#### YOUR OBJECTIVE:
Pictures should be omitted from your copy. Everything else in the entries below must be restated word for word.
-- Opening Marker --
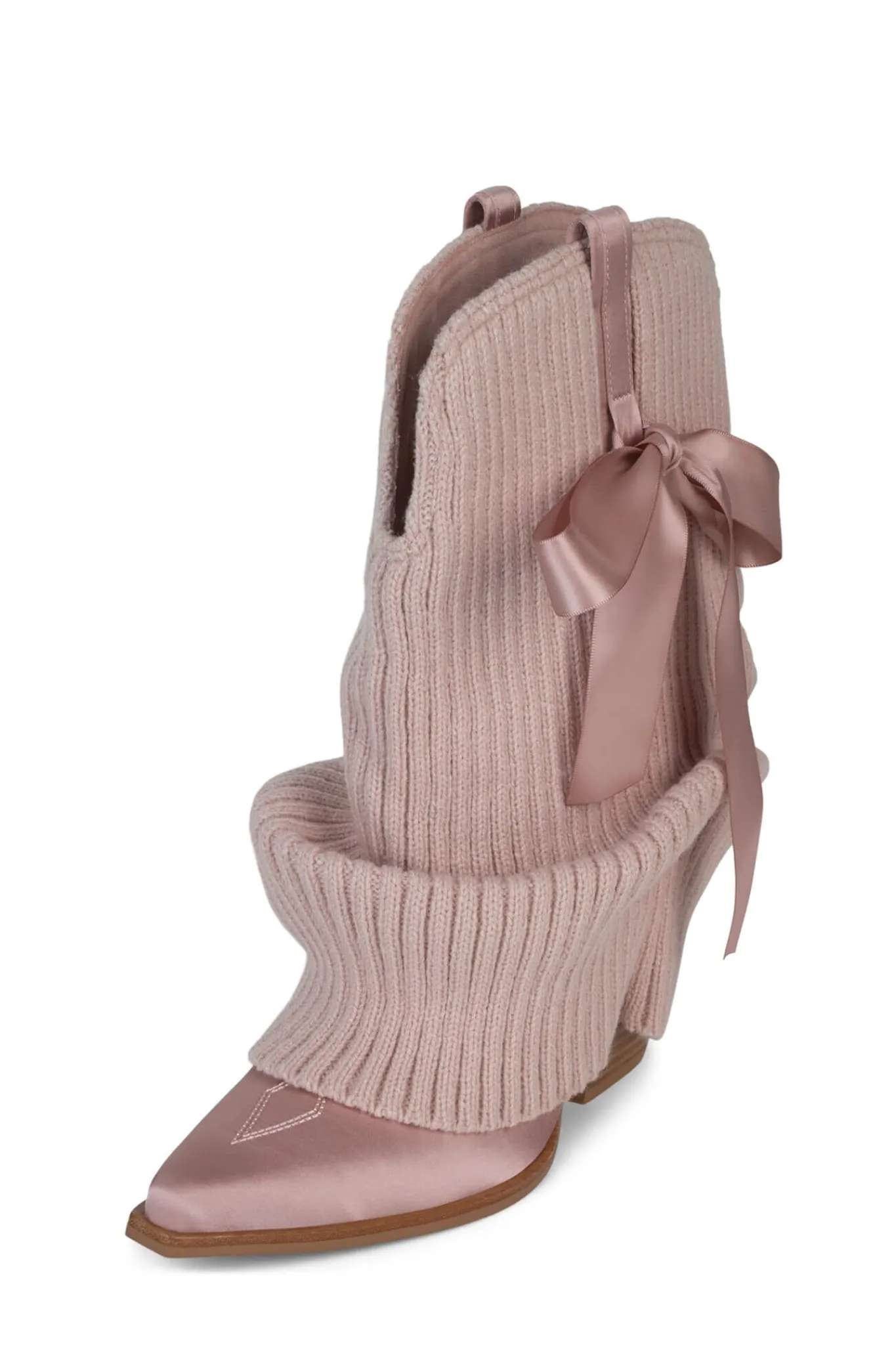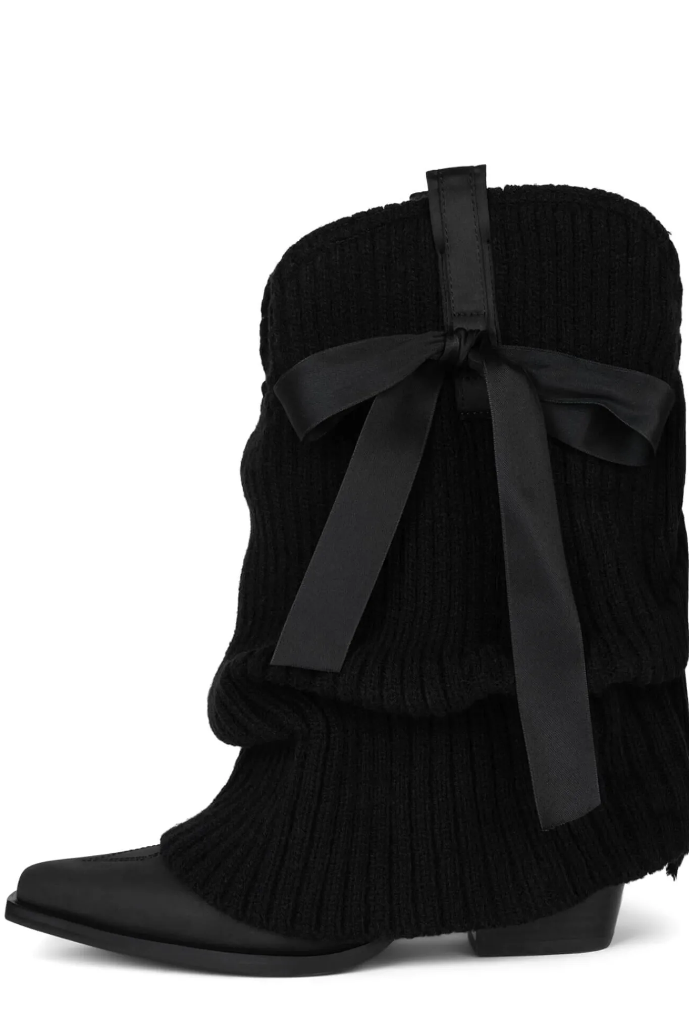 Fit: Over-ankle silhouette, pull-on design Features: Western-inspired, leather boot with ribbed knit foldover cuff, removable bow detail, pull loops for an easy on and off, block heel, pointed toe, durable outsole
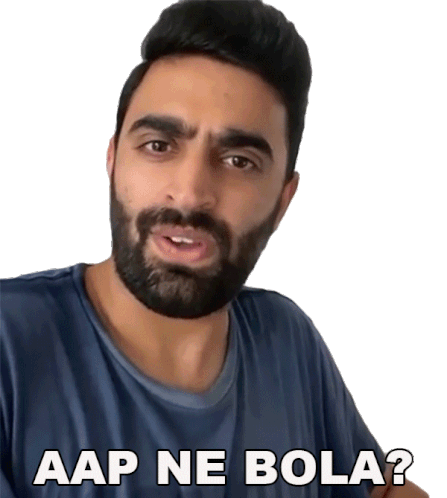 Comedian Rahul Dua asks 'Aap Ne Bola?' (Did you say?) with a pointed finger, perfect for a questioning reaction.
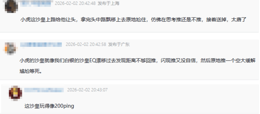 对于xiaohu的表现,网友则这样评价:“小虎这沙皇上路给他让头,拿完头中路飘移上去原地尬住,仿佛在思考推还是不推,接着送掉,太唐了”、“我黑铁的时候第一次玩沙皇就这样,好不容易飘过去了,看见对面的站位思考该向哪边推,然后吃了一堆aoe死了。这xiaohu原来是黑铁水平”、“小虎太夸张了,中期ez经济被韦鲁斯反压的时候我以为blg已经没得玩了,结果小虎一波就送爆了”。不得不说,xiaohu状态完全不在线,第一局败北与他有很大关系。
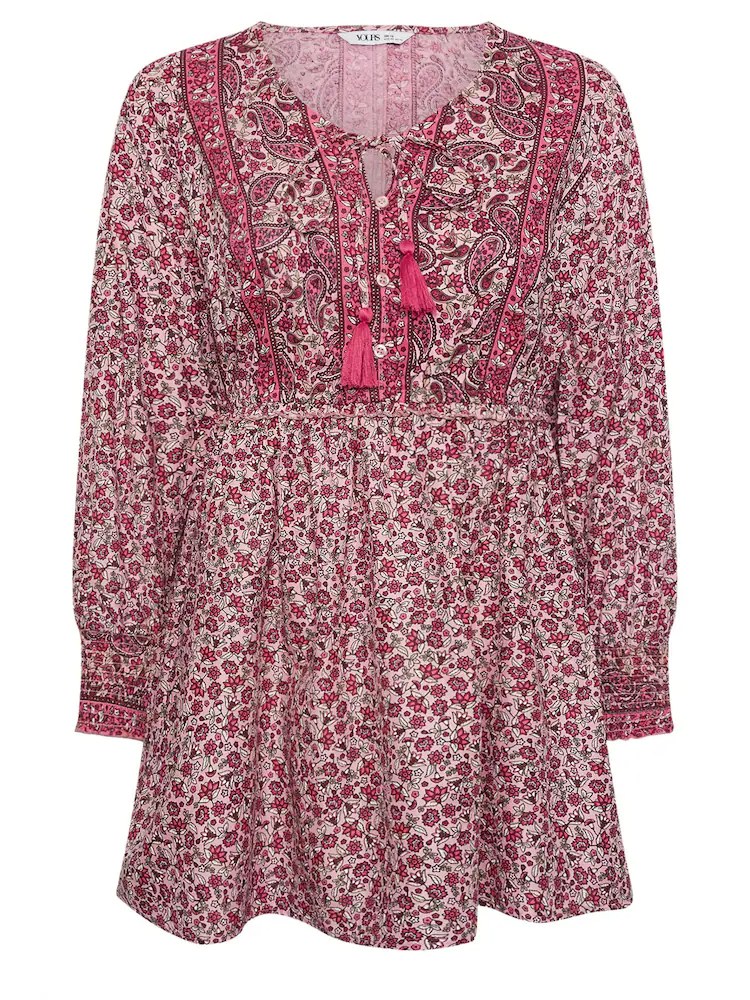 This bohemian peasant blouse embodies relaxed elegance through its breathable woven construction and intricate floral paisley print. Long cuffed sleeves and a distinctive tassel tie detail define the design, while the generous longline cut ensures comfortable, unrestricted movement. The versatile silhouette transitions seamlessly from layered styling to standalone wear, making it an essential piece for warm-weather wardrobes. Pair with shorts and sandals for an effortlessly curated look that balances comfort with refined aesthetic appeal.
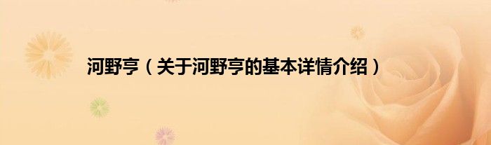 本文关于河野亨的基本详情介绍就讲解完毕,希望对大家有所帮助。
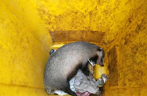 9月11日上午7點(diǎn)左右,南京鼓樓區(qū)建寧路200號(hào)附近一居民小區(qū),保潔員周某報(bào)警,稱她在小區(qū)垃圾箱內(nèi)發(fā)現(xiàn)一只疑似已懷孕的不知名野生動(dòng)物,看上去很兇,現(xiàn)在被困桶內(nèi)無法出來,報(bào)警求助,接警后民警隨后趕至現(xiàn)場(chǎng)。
-- Closing Marker --
#### TASK ANSWER:
 Fit: Over-ankle silhouette, pull-on design Features: Western-inspired, leather boot with ribbed knit foldover cuff, removable bow detail, pull loops for an easy on and off, block heel, pointed toe, durable outsole
 Comedian Rahul Dua asks 'Aap Ne Bola?' (Did you say?) with a pointed finger, perfect for a questioning reaction.
 对于xiaohu的表现,网友则这样评价:“小虎这沙皇上路给他让头,拿完头中路飘移上去原地尬住,仿佛在思考推还是不推,接着送掉,太唐了”、“我黑铁的时候第一次玩沙皇就这样,好不容易飘过去了,看见对面的站位思考该向哪边推,然后吃了一堆aoe死了。这xiaohu原来是黑铁水平”、“小虎太夸张了,中期ez经济被韦鲁斯反压的时候我以为blg已经没得玩了,结果小虎一波就送爆了”。不得不说,xiaohu状态完全不在线,第一局败北与他有很大关系。
 This bohemian peasant blouse embodies relaxed elegance through its breathable woven construction and intricate floral paisley print. Long cuffed sleeves and a distinctive tassel tie detail define the design, while the generous longline cut ensures comfortable, unrestricted movement. The versatile silhouette transitions seamlessly from layered styling to standalone wear, making it an essential piece for warm-weather wardrobes. Pair with shorts and sandals for an effortlessly curated look that balances comfort with refined aesthetic appeal.
 本文关于河野亨的基本详情介绍就讲解完毕,希望对大家有所帮助。
 9月11日上午7點(diǎn)左右,南京鼓樓區(qū)建寧路200號(hào)附近一居民小區(qū),保潔員周某報(bào)警,稱她在小區(qū)垃圾箱內(nèi)發(fā)現(xiàn)一只疑似已懷孕的不知名野生動(dòng)物,看上去很兇,現(xiàn)在被困桶內(nèi)無法出來,報(bào)警求助,接警后民警隨后趕至現(xiàn)場(chǎng)。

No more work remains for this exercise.